Asked about Schaeuble’s proposal, Knot said “more power is important as the euro crisis has shown.”
Finland and the Netherlands backed Germany at an Oct. 18-19 summit of European leaders in maneuvering that will climax at a Dec. 13-14 meeting to set deadlines -- possibly as long as a decade -- for a more united economy with more disciplined budget management and central oversight.
The EU has struggled to maintain the momentum of its June plan to spur investor confidence by putting the ECB in charge of lenders across the euro area and other nations that choose to sign on. Divisions have flared over the scope of the ECB’s authority and how losses would be shared.
The ECB is set to become the bloc’s main financial supervisor by Jan. 1, raising the prospect of direct aid to Spain’s banks during 2013, the 27 EU leaders agreed at the summit this month. The system will phase in and could cover all 6,000 euro-area banks by Jan. 1, 2014.

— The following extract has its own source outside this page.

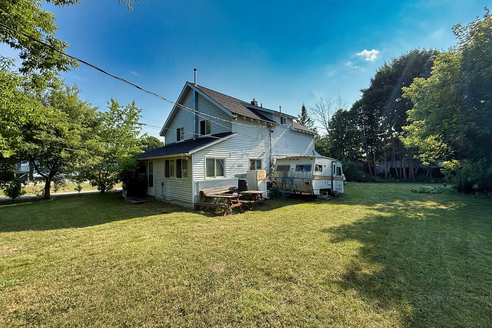 • Oversized lot with two road entrances and ample parking.

“Everybody is in agreement with what needs to happen -- with the banking union we aim to break the cycle between the sovereigns and national banks,” Knot said. “Banks will become gradually under supervision in 2013 but the emphasis will be more at the end of 2013 than in the beginning as this is a very complex operation.”
Knot also said it is up to Spain to decide whether to apply for a bailout that would enable the country to use the ECB’s bond-purchasing program.
“A call from Spain on the rescue fund wouldn’t necessarily need to be seen as adding to the crisis,” Knot said. “At the moment, it is useful for the solution of the crisis that Spain seeks help here and there,” though “this is really up to Spain,” he said.